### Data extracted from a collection
Start of Block
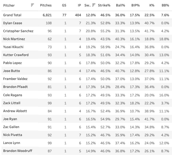1. Cristopher Sanchez (PHI): 20 Whiffs (96 Pitches)
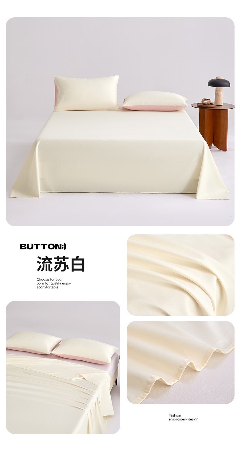 (总)合欢(原天一阁) 2026新款50s双股长绒棉全棉纯棉床单三件套,流苏白,香芋紫,银竹灰,暖心粉,青柠绿,时空灰,水军蓝,香槟金,组合图(仅供展示不可下单)
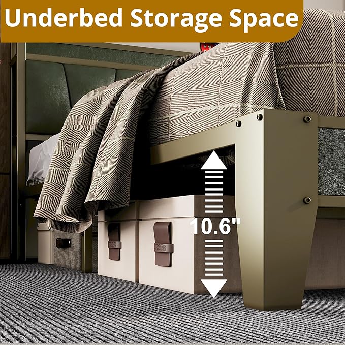 - Save Space and Time: 10.6 " under-bed clearance provides extra storage space. Each part of the king platform bed is clearly labeled and numbered on each and you just need to match those numbers in order to assemble
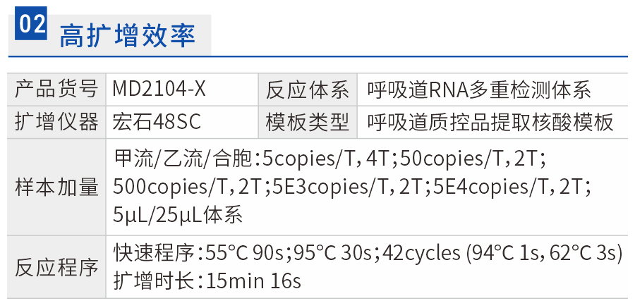 MD2104-X体系在呼吸道引探中扩增效率表现良好,各通道扩增效率均在95-105%之间,R2系数均在0.998-0.999。
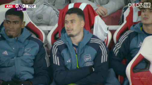 直播吧11月24日讯英超第12轮北伦敦德比,阿森纳主场迎战热刺,比赛第12分钟,特罗萨德被帕利尼亚踩倒地,替补席的马丁内利还笑了。
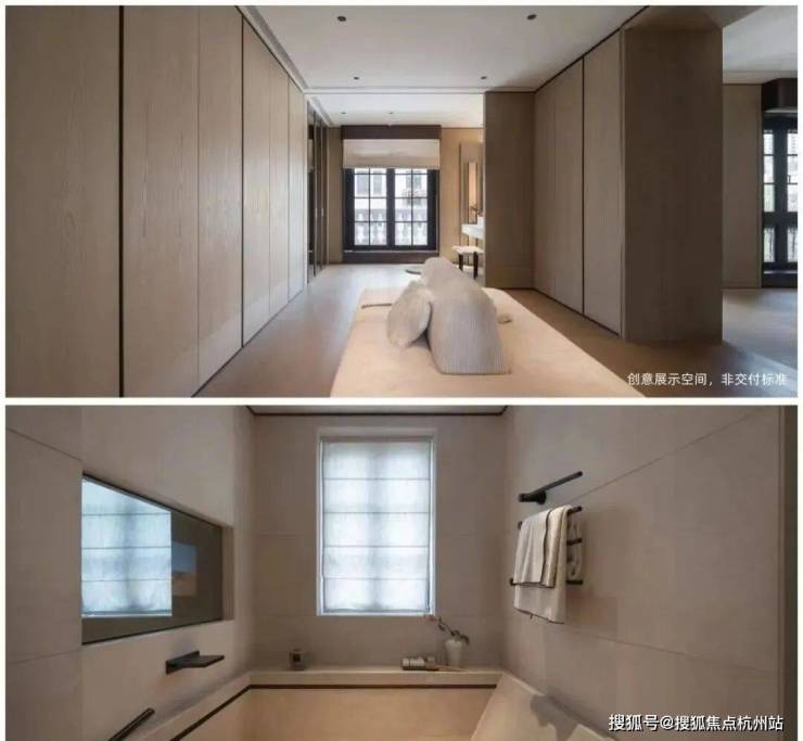 靠户型东侧,样板间设计了一个独立衣帽间和主卧套房的第二个卫浴空间。
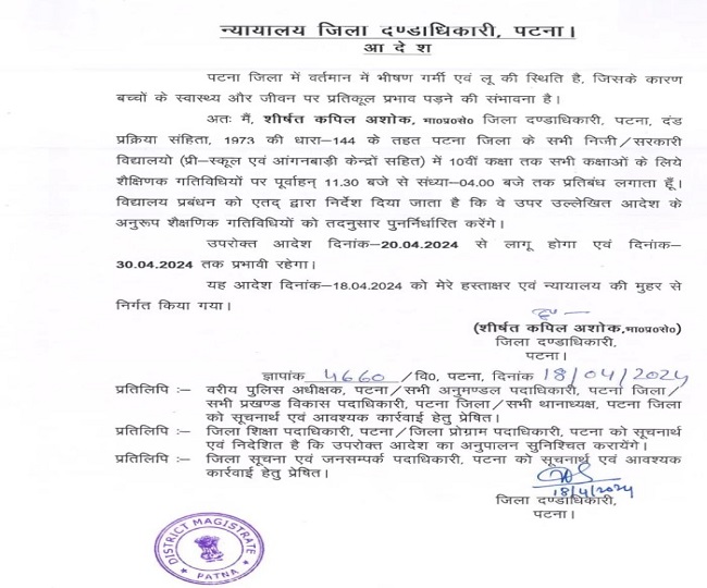 पटना- 19 अप्रैल। बिहार में बढ़ते तापमान और गर्म हवा को देखते हुए पटना जिला प्रशासन ने सरकारी और निजी स्कूलों के समय में बदलाव किया है। पटना के जिलाधिकारी शीर्षत कपिल अशोक ने जिले के सभी निजी और सरकारी विद्यालयों में 10वीं कक्षा तक की शैक्षणिक गतिविधियों को पूर्वाह्न 11:30 बजे से शाम 4:30 बजे तक प्रतिबंधित कर दिया है। यह आदेश 20 से 30 अप्रैल तक प्रभावी रहेगा।
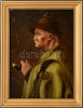Jelzés nélkül: Pipázó paraszt. Olaj, kartonra kasírozott vászon. Kopott, apró sérülésekkel. Kopott fakeretben. 37x27,5cm
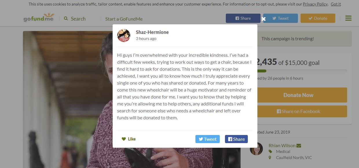On the flipside, it took less than a day for 30 people to chip in more than $4000 via her GoFundMe campaign.
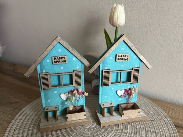 16*12 cm-es, 4 cm mély fa/filc tavaszi házikós dekoráció.
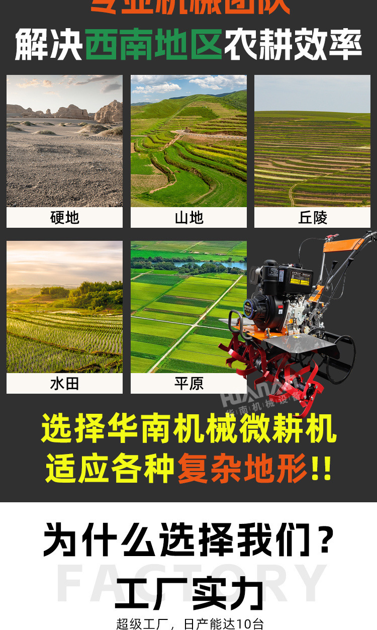 Многофункциональный горный роторный культиватор с прямым приводом, полным приводом, дизельным двигателем высокой мощности, производитель Чунцин.
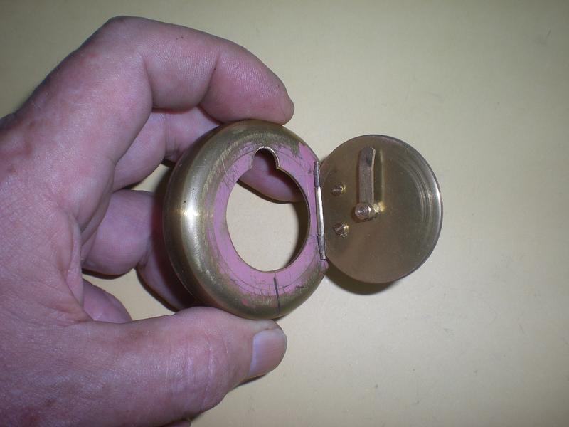 | La porte est une rondelle de laiton de 1 mm d'épaisseur et de diamètre 36. Il faudra en couper un arc pour pouvoir placer la charnière. Pour le perçage des trous (1.8) utiliser la charnière. Pour le montage on utilise des vis M1.6, qui seront mises à longueur après blocage. |
End of Block
### THE TASK
Please give the entries above again exactly as written, leaving out any pictures.

### OUTPUT BELOW
1. Cristopher Sanchez (PHI): 20 Whiffs (96 Pitches)
 (总)合欢(原天一阁) 2026新款50s双股长绒棉全棉纯棉床单三件套,流苏白,香芋紫,银竹灰,暖心粉,青柠绿,时空灰,水军蓝,香槟金,组合图(仅供展示不可下单)
 - Save Space and Time: 10.6 " under-bed clearance provides extra storage space. Each part of the king platform bed is clearly labeled and numbered on each and you just need to match those numbers in order to assemble
 MD2104-X体系在呼吸道引探中扩增效率表现良好,各通道扩增效率均在95-105%之间,R2系数均在0.998-0.999。
 直播吧11月24日讯英超第12轮北伦敦德比,阿森纳主场迎战热刺,比赛第12分钟,特罗萨德被帕利尼亚踩倒地,替补席的马丁内利还笑了。
 靠户型东侧,样板间设计了一个独立衣帽间和主卧套房的第二个卫浴空间。
 पटना- 19 अप्रैल। बिहार में बढ़ते तापमान और गर्म हवा को देखते हुए पटना जिला प्रशासन ने सरकारी और निजी स्कूलों के समय में बदलाव किया है। पटना के जिलाधिकारी शीर्षत कपिल अशोक ने जिले के सभी निजी और सरकारी विद्यालयों में 10वीं कक्षा तक की शैक्षणिक गतिविधियों को पूर्वाह्न 11:30 बजे से शाम 4:30 बजे तक प्रतिबंधित कर दिया है। यह आदेश 20 से 30 अप्रैल तक प्रभावी रहेगा।
Jelzés nélkül: Pipázó paraszt. Olaj, kartonra kasírozott vászon. Kopott, apró sérülésekkel. Kopott fakeretben. 37x27,5cm
On the flipside, it took less than a day for 30 people to chip in more than $4000 via her GoFundMe campaign.
 16*12 cm-es, 4 cm mély fa/filc tavaszi házikós dekoráció.
 Многофункциональный горный роторный культиватор с прямым приводом, полным приводом, дизельным двигателем высокой мощности, производитель Чунцин.
 | La porte est une rondelle de laiton de 1 mm d'épaisseur et de diamètre 36. Il faudra en couper un arc pour pouvoir placer la charnière. Pour le perçage des trous (1.8) utiliser la charnière. Pour le montage on utilise des vis M1.6, qui seront mises à longueur après blocage. |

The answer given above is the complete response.